-- Raw data follows --

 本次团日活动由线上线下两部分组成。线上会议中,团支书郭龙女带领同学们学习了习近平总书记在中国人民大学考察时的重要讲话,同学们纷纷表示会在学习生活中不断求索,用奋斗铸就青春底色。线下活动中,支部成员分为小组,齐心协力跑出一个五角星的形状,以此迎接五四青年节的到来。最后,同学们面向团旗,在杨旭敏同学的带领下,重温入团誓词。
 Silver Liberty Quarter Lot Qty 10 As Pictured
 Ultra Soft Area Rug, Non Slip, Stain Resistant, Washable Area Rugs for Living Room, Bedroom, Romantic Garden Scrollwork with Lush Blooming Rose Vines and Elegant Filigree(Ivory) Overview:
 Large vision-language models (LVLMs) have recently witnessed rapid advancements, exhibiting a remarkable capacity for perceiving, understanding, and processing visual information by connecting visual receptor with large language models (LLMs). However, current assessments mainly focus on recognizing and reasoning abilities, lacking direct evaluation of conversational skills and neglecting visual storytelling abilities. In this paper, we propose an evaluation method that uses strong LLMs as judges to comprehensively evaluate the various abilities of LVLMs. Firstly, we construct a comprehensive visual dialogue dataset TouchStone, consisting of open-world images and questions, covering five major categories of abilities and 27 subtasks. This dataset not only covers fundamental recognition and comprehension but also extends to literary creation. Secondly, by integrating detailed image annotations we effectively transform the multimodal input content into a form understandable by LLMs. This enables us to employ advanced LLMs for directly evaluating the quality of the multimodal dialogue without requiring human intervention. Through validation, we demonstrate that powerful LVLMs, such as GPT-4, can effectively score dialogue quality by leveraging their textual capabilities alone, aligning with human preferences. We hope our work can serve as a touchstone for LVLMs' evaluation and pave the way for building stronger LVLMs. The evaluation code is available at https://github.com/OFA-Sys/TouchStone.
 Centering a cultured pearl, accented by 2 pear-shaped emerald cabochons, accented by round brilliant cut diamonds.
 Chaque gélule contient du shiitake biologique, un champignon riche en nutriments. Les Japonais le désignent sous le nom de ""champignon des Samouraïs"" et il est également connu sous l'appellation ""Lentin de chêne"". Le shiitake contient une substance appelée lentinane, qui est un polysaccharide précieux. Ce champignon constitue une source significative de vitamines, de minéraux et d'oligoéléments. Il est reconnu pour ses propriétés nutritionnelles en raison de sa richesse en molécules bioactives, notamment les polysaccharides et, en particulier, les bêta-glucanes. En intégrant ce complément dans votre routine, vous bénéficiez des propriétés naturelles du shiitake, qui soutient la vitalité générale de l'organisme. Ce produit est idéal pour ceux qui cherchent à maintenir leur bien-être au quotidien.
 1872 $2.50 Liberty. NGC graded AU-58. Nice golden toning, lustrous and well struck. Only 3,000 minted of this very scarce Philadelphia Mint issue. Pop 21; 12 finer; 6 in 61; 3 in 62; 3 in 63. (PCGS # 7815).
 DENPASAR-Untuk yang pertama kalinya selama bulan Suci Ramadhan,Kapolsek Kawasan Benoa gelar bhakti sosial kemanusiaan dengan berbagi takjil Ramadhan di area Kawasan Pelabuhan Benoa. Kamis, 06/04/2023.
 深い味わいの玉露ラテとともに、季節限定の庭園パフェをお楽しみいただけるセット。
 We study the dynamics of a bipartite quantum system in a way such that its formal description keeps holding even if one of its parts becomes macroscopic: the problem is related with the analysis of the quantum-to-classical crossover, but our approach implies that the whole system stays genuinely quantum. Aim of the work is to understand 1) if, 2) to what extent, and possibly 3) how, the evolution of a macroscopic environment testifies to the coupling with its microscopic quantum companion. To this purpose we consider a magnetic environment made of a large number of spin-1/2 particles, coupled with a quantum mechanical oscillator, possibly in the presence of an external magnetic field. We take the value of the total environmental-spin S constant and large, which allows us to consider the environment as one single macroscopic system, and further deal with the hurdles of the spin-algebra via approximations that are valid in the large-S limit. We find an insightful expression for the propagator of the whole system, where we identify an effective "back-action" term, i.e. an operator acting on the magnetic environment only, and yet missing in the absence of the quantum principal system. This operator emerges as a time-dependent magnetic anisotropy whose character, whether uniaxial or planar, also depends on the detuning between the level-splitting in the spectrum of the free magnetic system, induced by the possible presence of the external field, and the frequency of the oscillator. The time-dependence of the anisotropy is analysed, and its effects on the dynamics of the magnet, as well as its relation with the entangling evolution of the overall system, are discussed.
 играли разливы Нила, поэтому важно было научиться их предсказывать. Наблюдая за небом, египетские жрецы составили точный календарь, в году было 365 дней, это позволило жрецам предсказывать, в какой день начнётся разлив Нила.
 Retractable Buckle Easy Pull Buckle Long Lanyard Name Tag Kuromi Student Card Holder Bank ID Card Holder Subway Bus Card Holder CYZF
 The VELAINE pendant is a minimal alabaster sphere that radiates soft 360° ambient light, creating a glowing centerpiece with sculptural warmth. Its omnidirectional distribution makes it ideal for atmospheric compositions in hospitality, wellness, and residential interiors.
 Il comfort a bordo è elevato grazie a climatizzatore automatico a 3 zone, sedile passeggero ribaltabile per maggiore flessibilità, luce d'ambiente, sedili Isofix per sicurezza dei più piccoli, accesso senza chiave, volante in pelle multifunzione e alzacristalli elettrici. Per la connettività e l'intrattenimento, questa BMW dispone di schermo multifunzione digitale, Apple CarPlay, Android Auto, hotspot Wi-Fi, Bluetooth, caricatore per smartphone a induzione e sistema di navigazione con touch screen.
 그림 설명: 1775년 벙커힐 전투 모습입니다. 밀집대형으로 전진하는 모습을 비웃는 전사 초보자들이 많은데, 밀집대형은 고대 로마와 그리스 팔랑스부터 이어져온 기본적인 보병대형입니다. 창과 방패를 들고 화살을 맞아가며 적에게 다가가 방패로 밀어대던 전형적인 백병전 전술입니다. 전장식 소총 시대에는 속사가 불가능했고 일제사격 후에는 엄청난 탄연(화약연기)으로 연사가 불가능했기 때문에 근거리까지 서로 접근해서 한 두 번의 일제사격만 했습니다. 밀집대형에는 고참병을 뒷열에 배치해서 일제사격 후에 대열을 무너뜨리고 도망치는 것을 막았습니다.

-- Raw data concluded --

Using the data above, transcribe the lines that run from the line with "Centering a cultured" to the line with "深い味わいの玉露ラテとともに、季節限定の庭園パフェをお楽しみいただけるセット。", both ends kept, and output nothing else.

Solution to this task
 Centering a cultured pearl, accented by 2 pear-shaped emerald cabochons, accented by round brilliant cut diamonds.
 Chaque gélule contient du shiitake biologique, un champignon riche en nutriments. Les Japonais le désignent sous le nom de ""champignon des Samouraïs"" et il est également connu sous l'appellation ""Lentin de chêne"". Le shiitake contient une substance appelée lentinane, qui est un polysaccharide précieux. Ce champignon constitue une source significative de vitamines, de minéraux et d'oligoéléments. Il est reconnu pour ses propriétés nutritionnelles en raison de sa richesse en molécules bioactives, notamment les polysaccharides et, en particulier, les bêta-glucanes. En intégrant ce complément dans votre routine, vous bénéficiez des propriétés naturelles du shiitake, qui soutient la vitalité générale de l'organisme. Ce produit est idéal pour ceux qui cherchent à maintenir leur bien-être au quotidien.
 1872 $2.50 Liberty. NGC graded AU-58. Nice golden toning, lustrous and well struck. Only 3,000 minted of this very scarce Philadelphia Mint issue. Pop 21; 12 finer; 6 in 61; 3 in 62; 3 in 63. (PCGS # 7815).
 DENPASAR-Untuk yang pertama kalinya selama bulan Suci Ramadhan,Kapolsek Kawasan Benoa gelar bhakti sosial kemanusiaan dengan berbagi takjil Ramadhan di area Kawasan Pelabuhan Benoa. Kamis, 06/04/2023.
 深い味わいの玉露ラテとともに、季節限定の庭園パフェをお楽しみいただけるセット。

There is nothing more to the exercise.